Olympic croquet event

The 1900 Olympic Croquet two-ball singles tournament was held on 4 and 11 July 1900. Eight athletes from France competed. The event was won by Chrétien Waydelich, the only person to earn two singles medals in Olympic croquet (with a bronze in the one-ball competition as well). Silver went to Maurice Vignerot and bronze to Jacques Sautereau.

==Background==

This was the only appearance of the event at the Olympics; it was one of three croquet competitions in 1900. Croquet was one of the first Olympic sports open to women (with only sailing having female competitors before croquet, due to that sport taking place earlier in 1900), with two of the six players in this event being women.

==Competition format==

The competition format is unclear. There were two rounds.
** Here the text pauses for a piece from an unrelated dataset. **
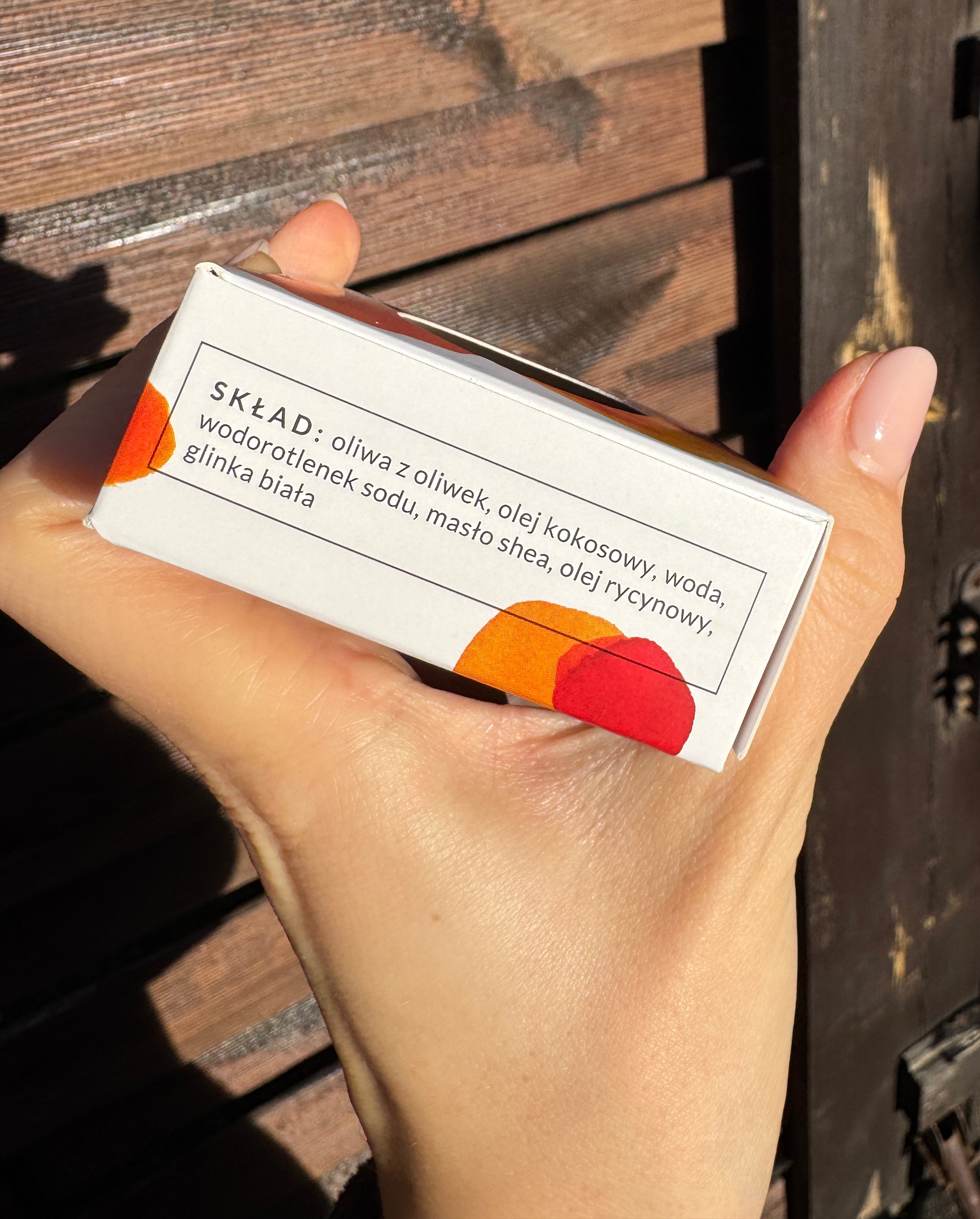 Oliwa z oliwek, Olej kokosowy, Woda, Wodorotlenek sodu, Masło Shea , Olej rycynowy, Glinka biała.

The first round appears to have been a head-to-head, best-of-three competition. The winners advanced to the second round, as did one of the losers. The second round appears to have been a round-robin with each match being best-of-three.

==Schedule==

| Date | Time | Round |
|---|---|---|
| Wednesday, 4 July 1900 |  | First round |
| Wednesday, 11 July 1900 |  | Final |

==Results==

===Round 1===

| Winner | Score | Loser |
| Maurice Vignerot (FRA) | 2-0 (42-40) | Louise Anne Marie Després (FRA) |
| Jacques Sautereau (FRA) | 2-0 (41-19) | Al. Blachère (FRA) |
| Chrétien Waydelich (FRA) | w/o | Jeanne Filleul-Brohy (FRA) |

===Final===

The second round was conducted as a round-robin.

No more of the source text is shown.